= Lloyd Maunder =

Lloyd Maunder are an Exeter, Devon based group of West Country retail butchers, a major producer of locally reared beef, pork and chicken products.

==History==
FJP Maunder established a meat processing facility at Witheridge, Devon in 1879. He opened a butcher's shop in 1886, and was also chairman of a dairy company from 1894. He passed over management of his business to his son Lloyd Maunder in 1898, who then expanded the business by selling meat and dairy products to customers in London, thus becoming one of the first major suppliers of the supermarket chain Sainsbury's. As the business's dependence on rail transport increased, the company moved its headquarters and main meat processing operations in 1913 to the current site in Willand, near Exeter, to allow easier access to the Great Western Railway. This was also the first year when the first Lloyd Maunder branded shop opened in Bampton Street, Tiverton.

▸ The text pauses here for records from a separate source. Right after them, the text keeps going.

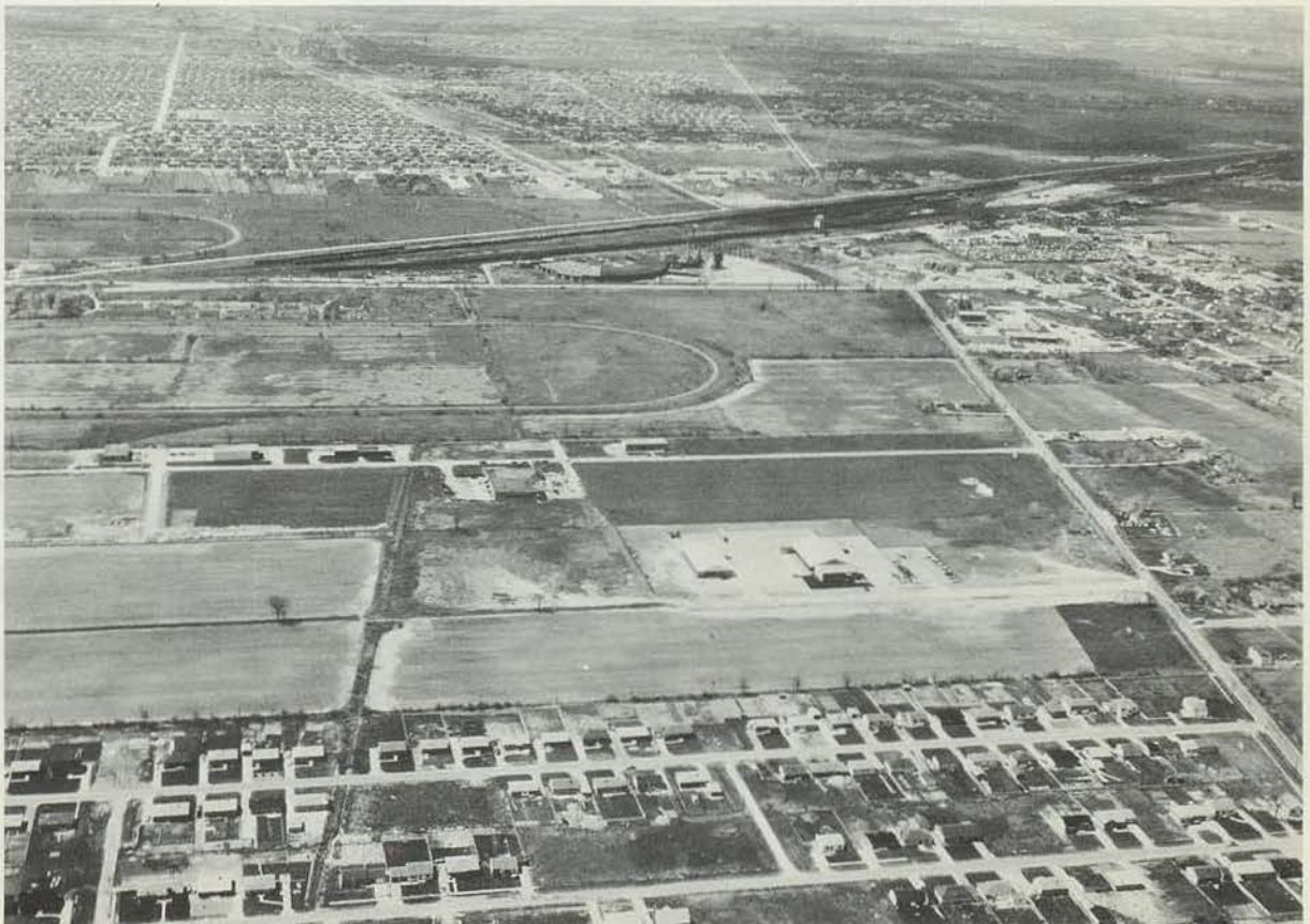
DEVON INDUSTRIAL PARK IN SANDWICH EAST TOWNSHIP IS OCCUPIED BY CANADIAN MECHANICAL HANDLING SYSTEMS LIMITED, LINCOLN CASKETS LIMITED, WELTRONIC (CANADA) LIMITED AND LOCATED WITHIN THREE MILES OF WINDSOR'S MODERN AIRPORT.
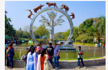
Nehru Zoological Park
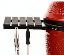
Aluminum Side Shelves
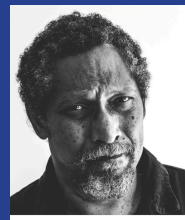
Percival Everett October 20, 2025
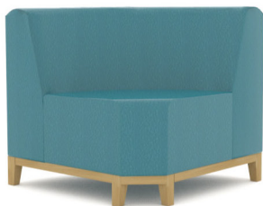
Armless Corner Wedge W48.5" D31" H18"
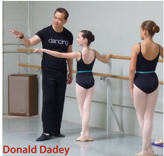
Donald Dadey Scottsdale S/B Auditions

Dance.net ~ http://www.dance.net/danceauditions.html DancePlug.com ~ http://www.danceplug.com/insidertips/auditions StageDoorAccess.com ~ http://www.stagedooraccess.com/ DanceNYC ~ http://www.dancenyc.org/resources/auditions.php BackStageDance.com ~ http://www.backstage.com/bsa/dance/index.jsp SeeDance.com ~ http://www.seedance.com
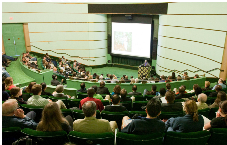
Nobel laureate Elinor Ostrom addresses a plenary session
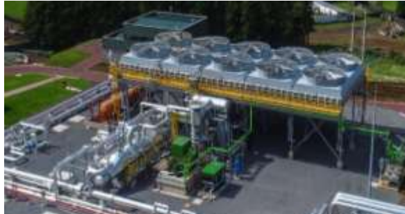
FRANCE, AZORES, TURKEY – BINARY GATHERING SYSTEM
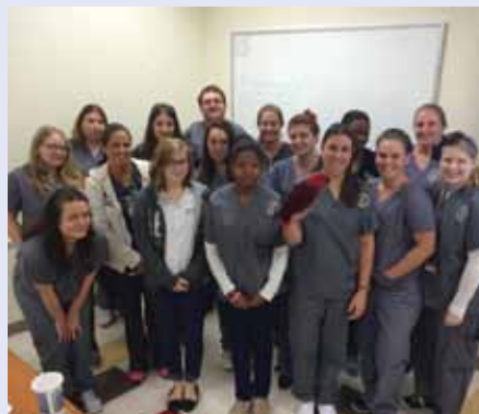
Incoming Fall Term 2014 Gainesville Campus Veterinary Technology students in the Introduction to Veterinary Profession class

Visit the City College student web portal at myportal.citycollege.edu
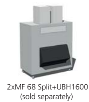
2xMF 68 Split+UBH1600 (sold separately)
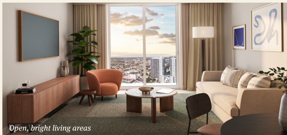
Open, bright living areas
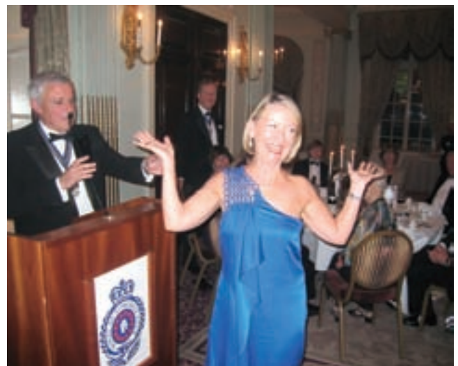
A happy Auction winner.

The evening began with a champagne reception in the Committee Room, and then everyone was ushered to the skirl of the bagpipes into the Mountbatten Room, where they enjoyed an excellent dinner.

In the interwar period, the company expanded quickly in both its meat processing capacity, and its retail division. The company expanded into the production of lamb, beef and sausages. Like many butchers it suffered during World War II with rationing of meat (at the start of the war most was imported), but as it was based where many of the farm producers were located, managed to survive in good shape through its long-term relationships.

==Present==
Lloyd Maunder began processing chicken in 1958, which by the 2000s at the Willand plant had become the dominant part of the company's output and turnover. In January 2008, the company sold the division to 2 Sisters Food Group.

In 2005, the company had bought Dewhurst Butchers Ltd an MBO based in Tunbridge Wells Kent who had purchased it from the receivers of the Vestey Group in 1995. They went into administration in 2007, Also in 2008 former Lloyd Maunder director Andrew Maunder set up a new limited company (West Country Family Butchers Ltd) and purchased the 14 Lloyd Maunder branded butchers shops, which still trade under the Lloyd Maunder name. This company has since added its own sausage making facility on the outskirts of Exeter.

By the middle of 2025 it turned out, that Lloyd Maunder produces Halal meat to distribute it in Supermarket chains.